For the past several weeks I (along with many other people) have been getting these scam emails saying that my password is a certain word and they're obviously logged into my account because they're sending me email from my own email address. (Which is stupid -- sender address has been trivial to spoof since email was invented, and that was neither the password for my email account nor ever the password to log into my workstation.). The spam then threatens to send all my contacts photos from my webcam (I don't have one) of me, um, enjoying myself to pr0n.
The password they always say they've captured was my very first facebook password. It's rather unique and I recognized it immediately.

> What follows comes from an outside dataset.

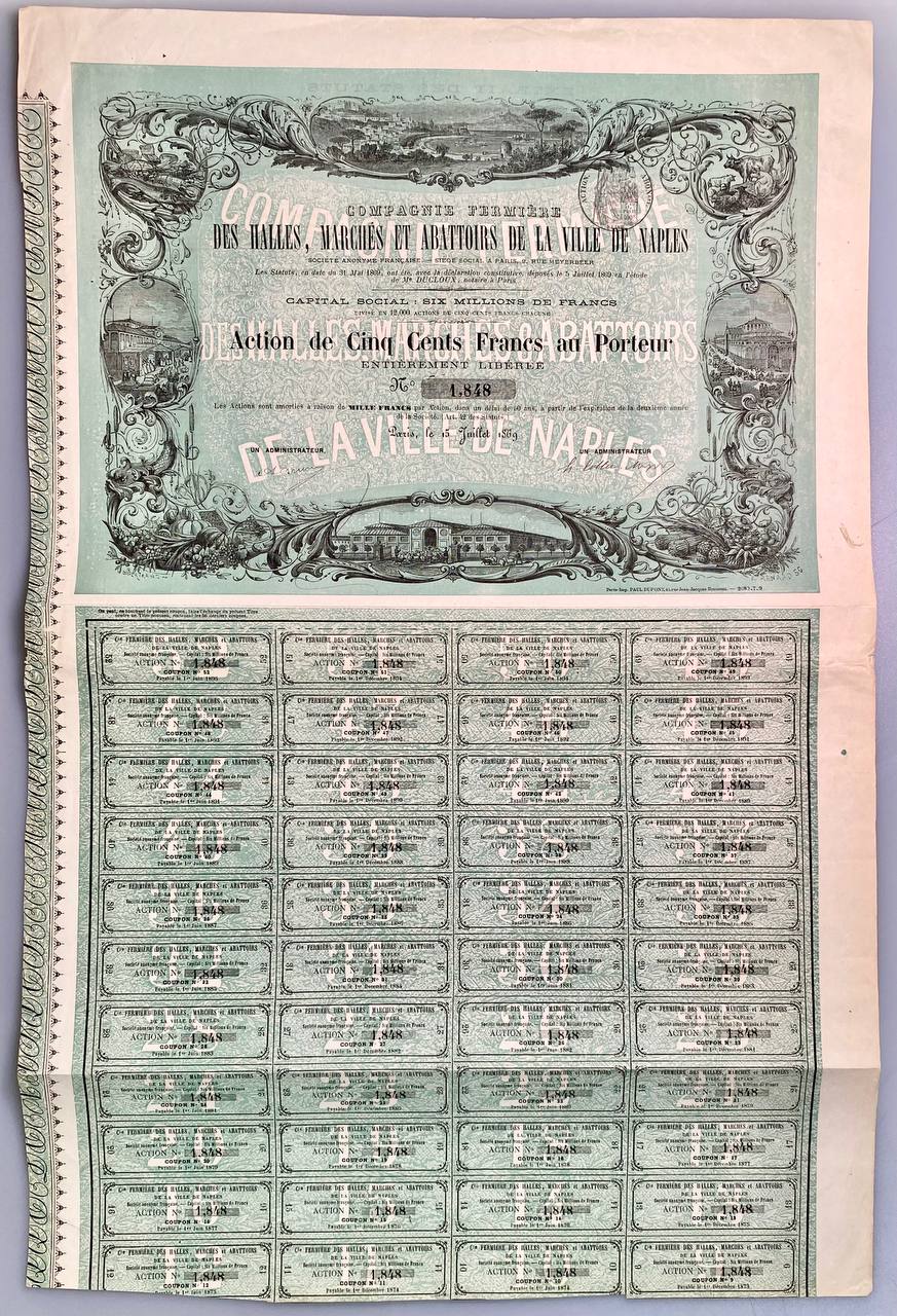 Italy Cie Fermière des Halles, Marchés et Abattoirs de la Ville de Naples Action de 500 Francs 1869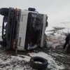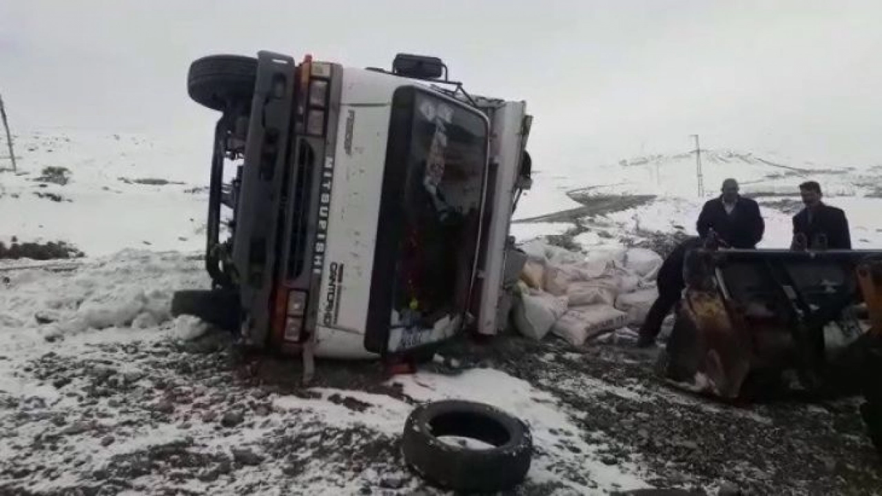 Edinilen bilgiye göre, Erzurum’dan Tekman’a giden Yusuf A. yönetimindeki 76 AR 781 plakalı kamyonet ilçeye 20 kilometre uzaklıkta Çevirme köprüsünü geçtikten sonra Kırklar şehitliği rampasında kar yağışı nedeni ile kayarak yan yattı.

So this pr0n scam... Is it an outsider scooping cleartext passwords and using them for spam, or is it someone at Facebook running a side business? Inquiring minds want to know.
Oliver's law of assumed responsibility: If you're seen fixing it, you will be blamed for breaking it.
You won't want to know half the shit that happens behind the scenes. Before FB, Zuck had a web page to compare girls to monkeys or dogs or whatever. That culture still exist in FB. I know one group that used AI to find hot girls, scan their messages for turn ons, then try to get some strange. I think there was a monthly prize for the best fuck. Goes without saying the they ran image recognition to find tits and ass (and cock). There was a big FB porn library for "research purposes".
The point is, passwords should never have been available in plaintext in the first place.
What the heck is wrong with them? The techniques for keeping passwords encrypted (or not holding them at all, just the hash) are well known in the business, and have been well known for decades.